August 13, 1863
---George
Templeton Strong, of New York City, ponders in his journal the irony of the immigrant
Irish in the city opposing the war and the Negro, who has been badly treated in
America, supporting it. It is
interesting to note that his use of the “N” word does not seem to carry with it
the disdain that the word usually signifies:
Nigger recruiting prospers. Rumors of a Corps d’Afrique to be raised here.
Why not? Paddy, the
asylum-burner, would swear at the dam Naygurs, but we need bayonets in Negro
hands if Paddy is unwilling to fight for the country that receives and betters
him in his poverty and transmutes him into an alderman and a wealthy
citizen. If he back out, let us accept,
with contrition and humiliation, the services of this despised and rejected race, and be thankful that it is
willing to enlist in the cause of a nation from which it has received only
contumely and persecution.
---In
Arkansas, Gen. Sterling Price, now the ranking field commander for the
Confederacy in that state, announces his intention to launch a campaign that
would sweep the Yankees from Arkansas and invade up into Missouri. Gen. Frederick Steele, the Union commander of
troops along the White River, east of Little Rock, plans a counteroffensive,
until the Federals learn that Price is more brag than bite. Desertion has been plaguing the Confederate
forces in the Trans-Mississippi area, especially since the fall of Vicksburg
has cut them off from the eastern states.
Gov. Flannagan of Arkansas puts out a call to all able-bodied men to
report for military service, hardly anyone heeds the call. Steele advances his troops from Helena, and
Rebel bases at Jacksonport and Clarendon are abandoned without anyone firing a
shot. Steele stops at the White River,
content that Price is not, in fact, launching an invasion with his skeleton
crew.
---On
this date, three Union gunboats---the Lexington,
Cricket, and Mariner, ascend the
White River in Arkansas, and take the Rebel gunboats Tom Suggs and Kaskaskia,
as well as destroying some mills and a bridge.
---Oliver
Willcox Norton, of the 83rd Pennsylvania Infantry, writes home and
relates a humorous incident about the commander of his brigade:
Beverly Ford, Va., Thursday, August 13, 1863.
Dear Mother:—
I received your letter of the 5th night before
last. Yesterday it was so hot that I could not write or do anything else but
lie in the shade and sweat. I don’t know where the mercury stood, but I think
it must have been above 100. It was as hot as any day we had on the Peninsula
except one. Last night we had a furious thunder storm. The ground was
completely soaked and I had fun enough this morning to last me a week.

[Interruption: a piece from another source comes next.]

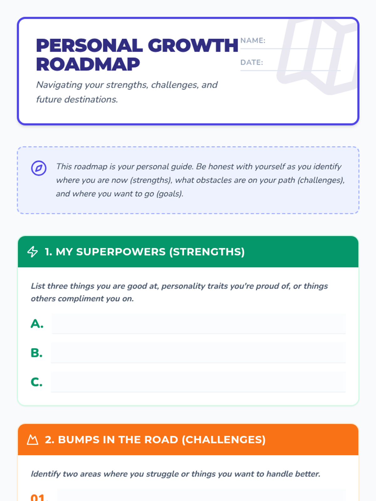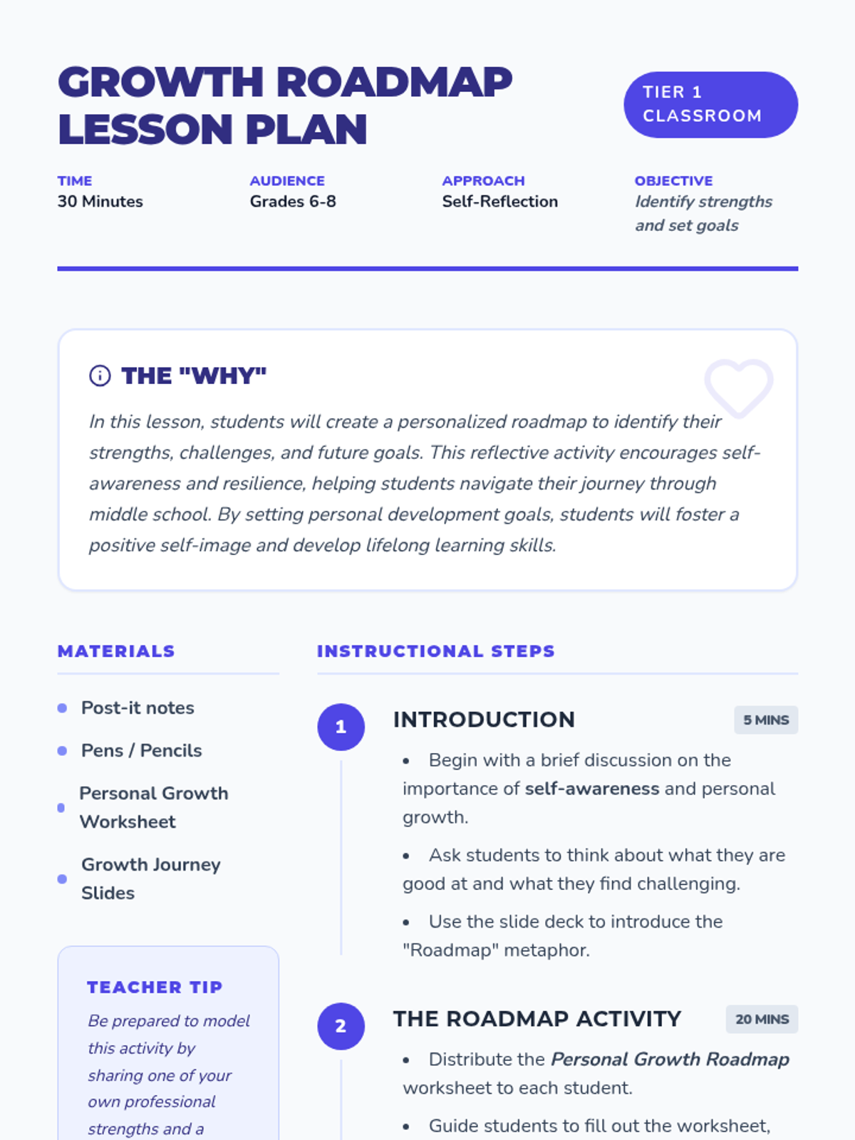 A reflective lesson for middle school students to identify strengths, challenges, and set goals using a roadmap metaphor to foster self-awareness and resilience.

Yesterday Colonel Rice had a large force of men
putting up booths or shades of poles and brush over the tents. This morning
they all fell down one after another and smashed down the tents. The colonel’s
was the first, just about daylight. He came crawling out under the edge sans
everything but shirt. He came in such a hurry that he could not keep his perpendicular
and went sprawling in the mud. Then Lieutenant Grannis’ tent came down and he
came out in the same cool dress like a mouse from a shock of corn.
---Mr.
Theodore Wagner, of Charleston, South Carolina, in concern for that besieged
city, offers a $100,000.00 reward to stir some enterprise toward sinking the
USS New Ironsides, the USS Wabash, or $50,000.00 for “one of the monitors.”